I like a warm Sake or a Reisling as the Reisling kinda cools down the kick of the wasabi if you use a ton of it (I do). It also in my opinion plays off the crispness of the ginger served with it.


----------



## d_day (Aug 24, 2008)

I couldn't tell you. I've never had wine with sushi, unless we're talking sake. For sake, I prefer Kubota with my sushi. There three common varieties of Kubota; senjyu, hekijyu, and manjyu. The senjyu, while least expensive, tastes rather like jet fuel. Of the two remaining, most prefer manjyu. It is the most expensive at anywhere between $80 and $150 for the small bottle. I prefer the hekijyu, which is very mellow. Price for the hekijyu isusually between $45 and $60 for the small bottle. Keep in mind though, that this is a premium sake brewed only in Japan, and is fairly difficult to find int he states. Kurusawa is very similar in taste and comes in at less than half the cost. It is also somewhat easier to find. These are best served cold. 
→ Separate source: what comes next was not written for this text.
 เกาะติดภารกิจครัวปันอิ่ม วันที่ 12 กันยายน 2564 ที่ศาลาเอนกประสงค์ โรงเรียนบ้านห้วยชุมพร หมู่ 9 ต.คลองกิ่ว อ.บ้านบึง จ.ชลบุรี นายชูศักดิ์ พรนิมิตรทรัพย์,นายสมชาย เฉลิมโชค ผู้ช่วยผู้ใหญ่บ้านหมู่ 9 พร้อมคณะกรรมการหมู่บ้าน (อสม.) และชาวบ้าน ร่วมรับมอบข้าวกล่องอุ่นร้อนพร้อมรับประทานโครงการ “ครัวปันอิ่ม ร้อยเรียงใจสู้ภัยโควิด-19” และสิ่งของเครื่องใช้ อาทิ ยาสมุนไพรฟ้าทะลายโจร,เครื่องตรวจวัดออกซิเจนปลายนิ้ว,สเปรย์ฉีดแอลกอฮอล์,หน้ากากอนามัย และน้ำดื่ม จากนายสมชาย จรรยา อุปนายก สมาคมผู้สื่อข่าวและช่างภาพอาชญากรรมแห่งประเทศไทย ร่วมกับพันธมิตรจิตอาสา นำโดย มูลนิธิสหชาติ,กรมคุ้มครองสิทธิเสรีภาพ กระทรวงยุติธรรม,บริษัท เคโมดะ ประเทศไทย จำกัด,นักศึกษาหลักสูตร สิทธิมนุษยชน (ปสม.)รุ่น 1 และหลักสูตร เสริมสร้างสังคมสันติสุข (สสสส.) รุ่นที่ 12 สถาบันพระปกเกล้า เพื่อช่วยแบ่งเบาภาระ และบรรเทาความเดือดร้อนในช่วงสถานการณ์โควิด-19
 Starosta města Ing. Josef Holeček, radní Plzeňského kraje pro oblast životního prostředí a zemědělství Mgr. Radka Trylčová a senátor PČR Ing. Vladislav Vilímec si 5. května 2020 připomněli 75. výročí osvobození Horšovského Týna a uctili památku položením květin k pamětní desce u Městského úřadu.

Now, my preferred beverage with sushi is good old fashioned beer. Light beers tend to compliment the flavors more than the darker beers. My personal choice for sushi has always been Sapporro. 
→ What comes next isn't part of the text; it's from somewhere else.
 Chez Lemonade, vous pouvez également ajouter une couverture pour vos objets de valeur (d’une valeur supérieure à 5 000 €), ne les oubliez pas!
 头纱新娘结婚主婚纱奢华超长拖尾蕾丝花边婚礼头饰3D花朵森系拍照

I'm not sure this answers your question, but hopefully it gives you some info you didn't have before.


----------



## shakespeare (Mar 10, 2005)

Sushi!!!
on puff.com?

isn´t this in some wierd way cannibalism?


----------



## RicoPuro (Sep 24, 2008)

Shame on me for admitting to my cannibalistic tendencies in the open...having said that, since when did bigger fish stopp eating the smaller variety?
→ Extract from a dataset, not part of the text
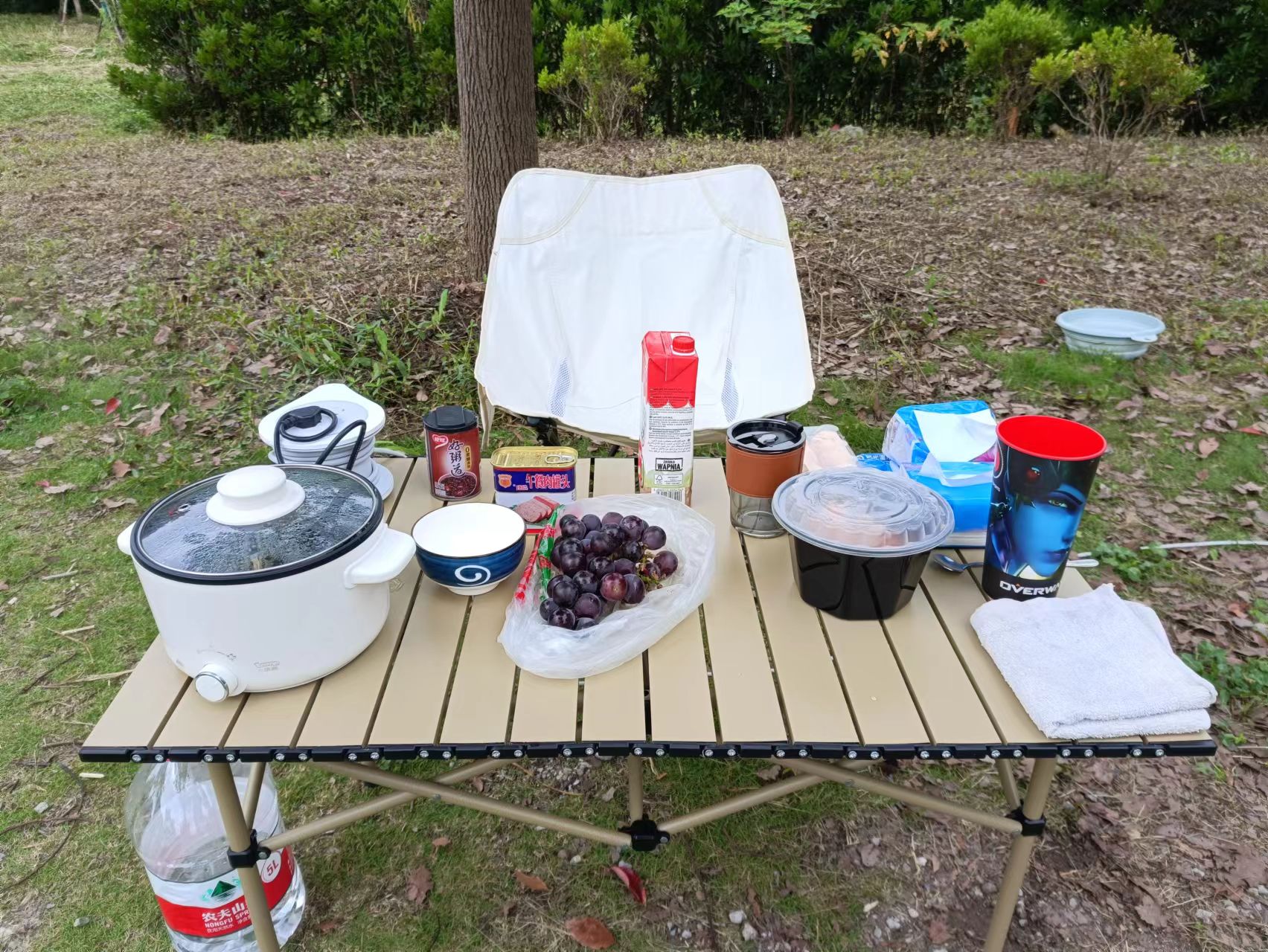 早上起来洗漱收拾做早餐,由于起来比较晚,太阳已经出来了,就把桌子给移到了树荫下,之前特地买了一个10米长的拖线板,这样远一点用电也没关系。吃的比较简单,煮粽子煎鸡蛋,还有带来的八宝粥和牛奶,做饭都用电,电是完全够用了

Sapporo and Asahi have been my beverages of choice until now. I have a hard time combing a warm liquid with sushi for some reason so I'll pass on sake or green tea. I could give a saketini a chance though.

Riesling or chenin blanc would make logical choces now that you mentioned...

Jorge


----------



## shakespeare (Mar 10, 2005)

RicoPuro said:


> Shame on me for admitting to my cannibalistic tendencies in the open...having said that, since when did bigger fish stopp eating the smaller variety?....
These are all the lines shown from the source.